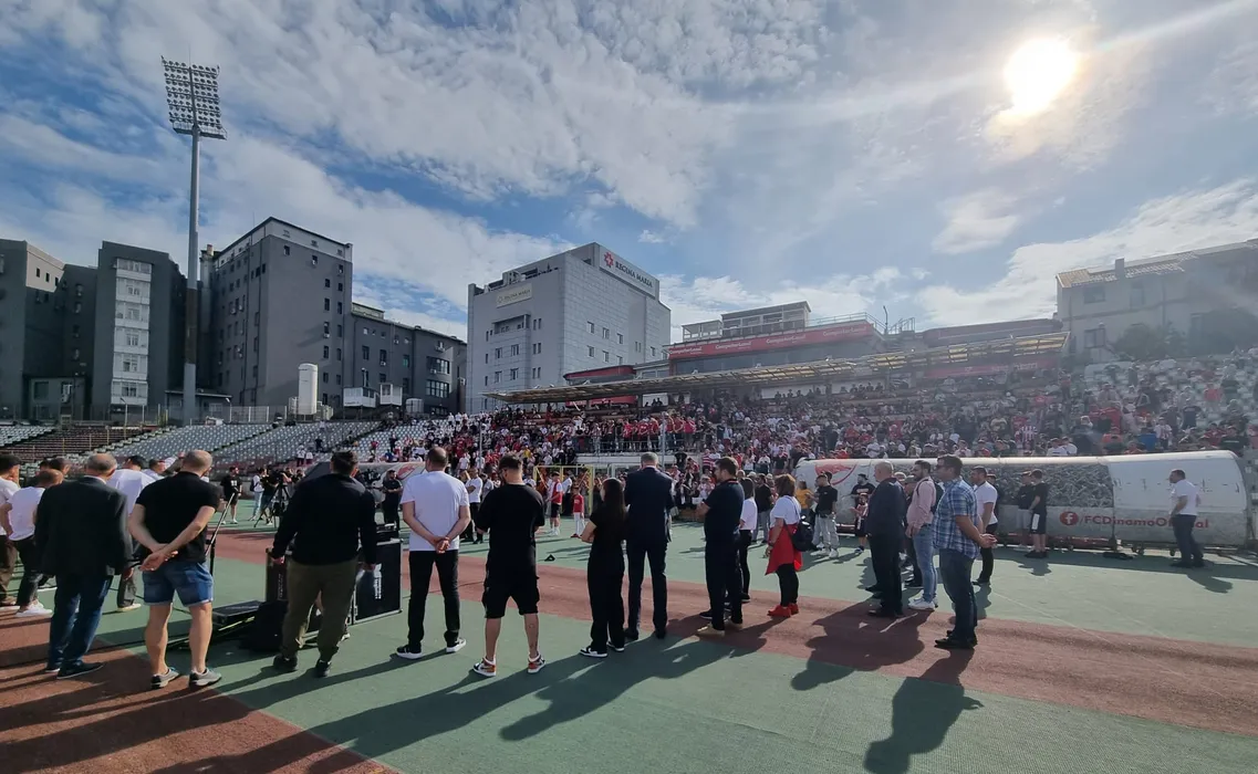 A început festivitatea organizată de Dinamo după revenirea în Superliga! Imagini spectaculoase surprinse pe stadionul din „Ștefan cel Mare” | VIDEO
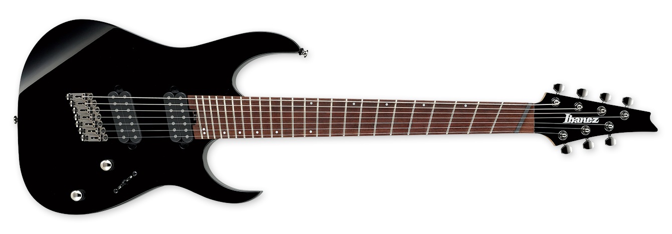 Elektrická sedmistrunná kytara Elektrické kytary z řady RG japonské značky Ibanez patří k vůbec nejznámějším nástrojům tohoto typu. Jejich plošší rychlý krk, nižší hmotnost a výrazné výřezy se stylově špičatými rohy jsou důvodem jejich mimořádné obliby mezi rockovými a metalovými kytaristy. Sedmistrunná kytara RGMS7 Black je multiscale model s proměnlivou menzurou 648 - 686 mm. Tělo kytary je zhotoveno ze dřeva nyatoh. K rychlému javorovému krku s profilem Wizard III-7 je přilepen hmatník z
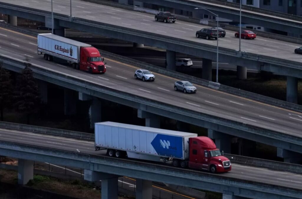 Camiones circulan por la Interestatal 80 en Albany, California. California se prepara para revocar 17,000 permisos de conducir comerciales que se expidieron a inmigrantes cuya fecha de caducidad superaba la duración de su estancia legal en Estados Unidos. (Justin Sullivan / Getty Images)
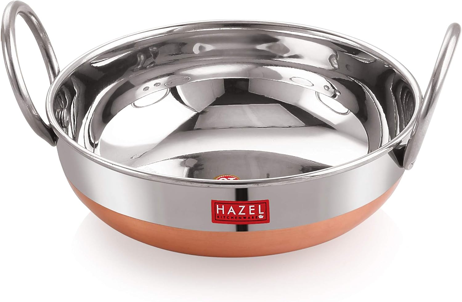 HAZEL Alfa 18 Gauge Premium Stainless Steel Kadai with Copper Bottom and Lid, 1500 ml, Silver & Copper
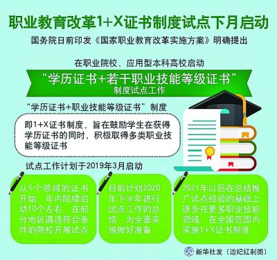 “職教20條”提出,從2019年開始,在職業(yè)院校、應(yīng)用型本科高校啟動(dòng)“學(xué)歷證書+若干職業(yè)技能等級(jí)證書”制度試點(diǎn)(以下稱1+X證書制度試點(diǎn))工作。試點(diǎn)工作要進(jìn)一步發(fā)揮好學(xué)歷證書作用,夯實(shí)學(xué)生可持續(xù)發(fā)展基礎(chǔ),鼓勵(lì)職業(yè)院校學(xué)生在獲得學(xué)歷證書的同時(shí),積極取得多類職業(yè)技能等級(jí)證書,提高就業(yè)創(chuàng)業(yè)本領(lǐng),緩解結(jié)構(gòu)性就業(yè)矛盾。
= = =
Task item: Produce a word-for-word copy of the records, omitting all images.

Exercise output:
 A început festivitatea organizată de Dinamo după revenirea în Superliga! Imagini spectaculoase surprinse pe stadionul din „Ștefan cel Mare” | VIDEO
 Elektrická sedmistrunná kytara Elektrické kytary z řady RG japonské značky Ibanez patří k vůbec nejznámějším nástrojům tohoto typu. Jejich plošší rychlý krk, nižší hmotnost a výrazné výřezy se stylově špičatými rohy jsou důvodem jejich mimořádné obliby mezi rockovými a metalovými kytaristy. Sedmistrunná kytara RGMS7 Black je multiscale model s proměnlivou menzurou 648 - 686 mm. Tělo kytary je zhotoveno ze dřeva nyatoh. K rychlému javorovému krku s profilem Wizard III-7 je přilepen hmatník z
 Camiones circulan por la Interestatal 80 en Albany, California. California se prepara para revocar 17,000 permisos de conducir comerciales que se expidieron a inmigrantes cuya fecha de caducidad superaba la duración de su estancia legal en Estados Unidos. (Justin Sullivan / Getty Images)
 HAZEL Alfa 18 Gauge Premium Stainless Steel Kadai with Copper Bottom and Lid, 1500 ml, Silver & Copper
 “職教20條”提出,從2019年開始,在職業(yè)院校、應(yīng)用型本科高校啟動(dòng)“學(xué)歷證書+若干職業(yè)技能等級(jí)證書”制度試點(diǎn)(以下稱1+X證書制度試點(diǎn))工作。試點(diǎn)工作要進(jìn)一步發(fā)揮好學(xué)歷證書作用,夯實(shí)學(xué)生可持續(xù)發(fā)展基礎(chǔ),鼓勵(lì)職業(yè)院校學(xué)生在獲得學(xué)歷證書的同時(shí),積極取得多類職業(yè)技能等級(jí)證書,提高就業(yè)創(chuàng)業(yè)本領(lǐng),緩解結(jié)構(gòu)性就業(yè)矛盾。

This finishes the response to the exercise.